PROBLEM ▸
Please retype every record exactly as it appears, omitting the pictures.

╭──

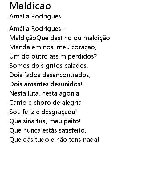 | Song | Maldicao |
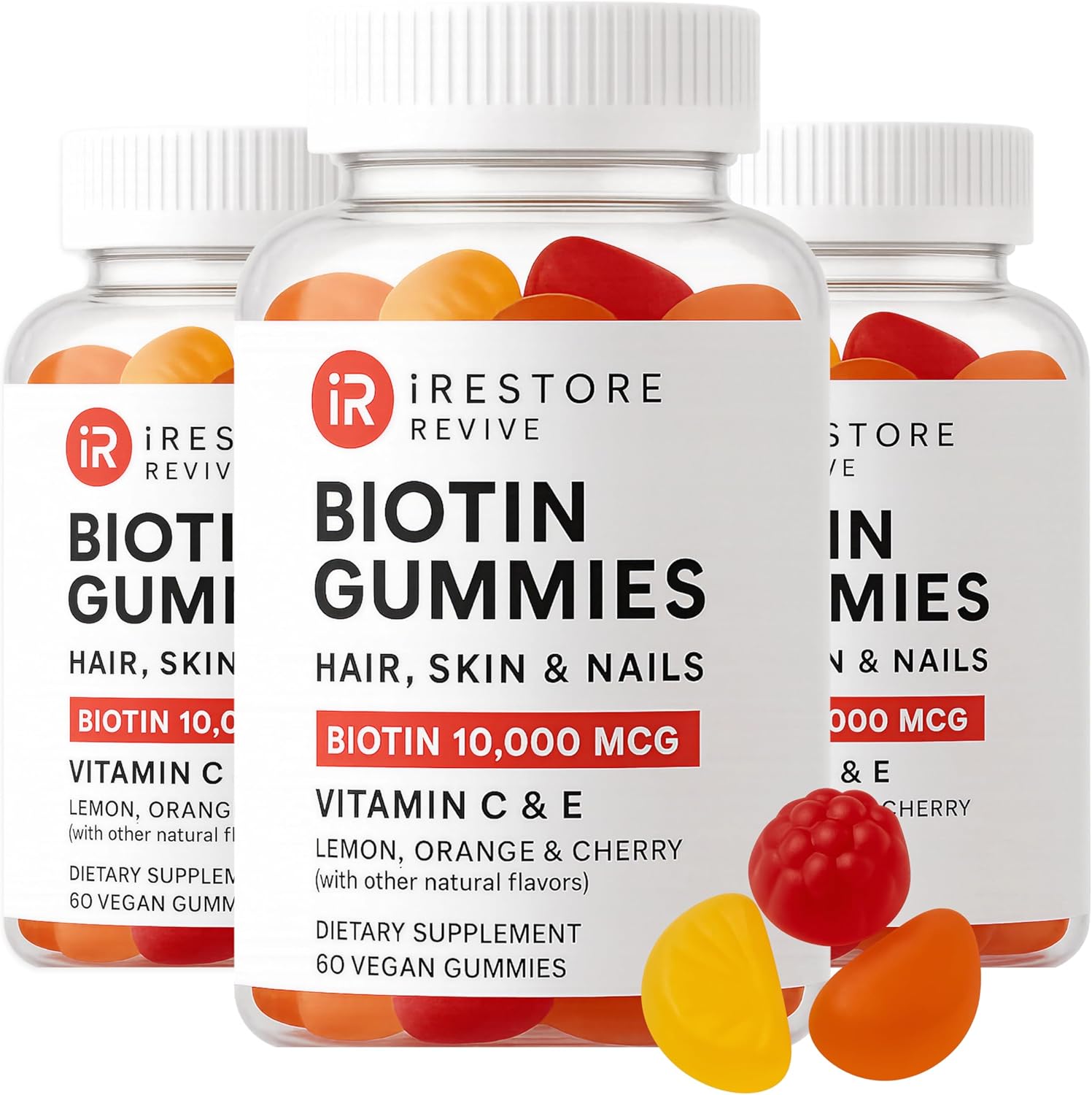iRestore Hair Gummy Vitamins, Vegan Biotin Gummies for Hair Skin and Nails, Hair Growth Gummies for Women & Men, Biotin 10,000mcg, 3PK
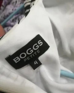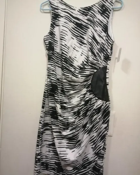 Vestido asimétrico blanco y negro, cin detalle en cintura de vinil, talla 4 petitte, nuevo con etiqueta
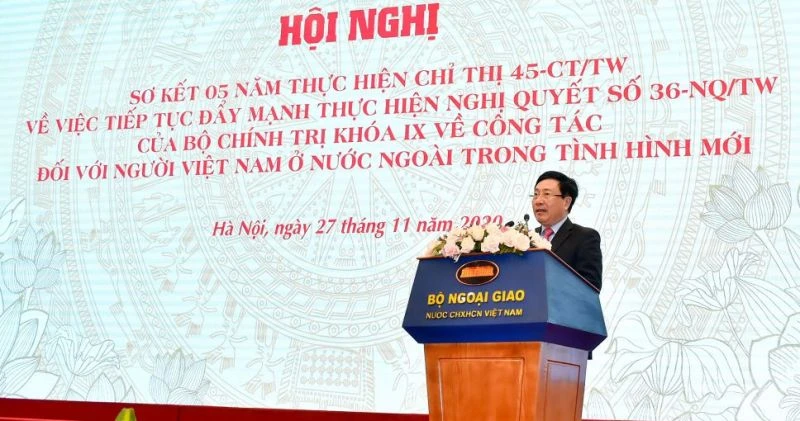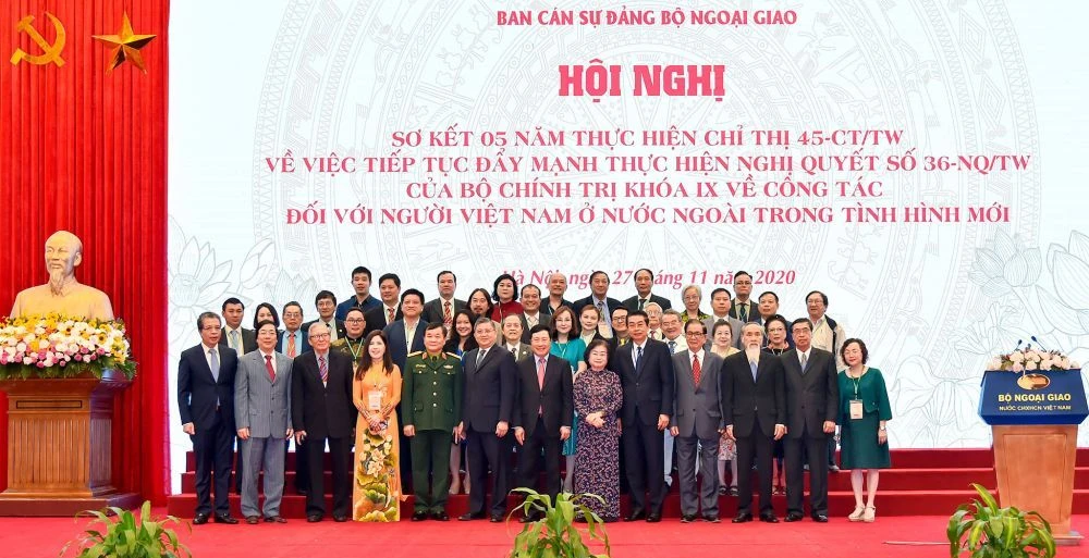 Ngày 27-11, tại Hà Nội đã diễn ra Hội nghị sơ kết năm năm thực hiện Chỉ thị 45/2015 của Bộ Chính trị (khóa XI) về việc tiếp tục đẩy mạnh thực hiện Nghị quyết số 36 của Bộ Chính trị (khóa IX) về công tác đối với người Việt Nam ở nước ngoài trong tình hình mới.
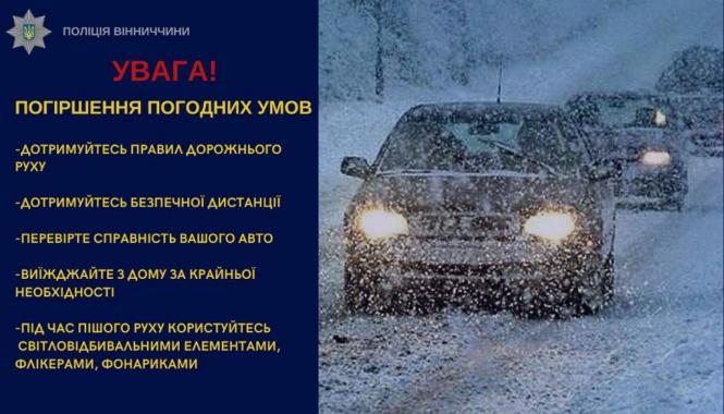 Рятувальники ДСНС Вінниччини наполегливо радять утриматися від поїздок 8 та 9 січня. Якщо ж виїзд неминучий, перевірте наявність у машині:

╰──

PROBLEM SOLUTION ▸
 | Song | Maldicao |
iRestore Hair Gummy Vitamins, Vegan Biotin Gummies for Hair Skin and Nails, Hair Growth Gummies for Women & Men, Biotin 10,000mcg, 3PK
 Vestido asimétrico blanco y negro, cin detalle en cintura de vinil, talla 4 petitte, nuevo con etiqueta
 Ngày 27-11, tại Hà Nội đã diễn ra Hội nghị sơ kết năm năm thực hiện Chỉ thị 45/2015 của Bộ Chính trị (khóa XI) về việc tiếp tục đẩy mạnh thực hiện Nghị quyết số 36 của Bộ Chính trị (khóa IX) về công tác đối với người Việt Nam ở nước ngoài trong tình hình mới.
 Рятувальники ДСНС Вінниччини наполегливо радять утриматися від поїздок 8 та 9 січня. Якщо ж виїзд неминучий, перевірте наявність у машині:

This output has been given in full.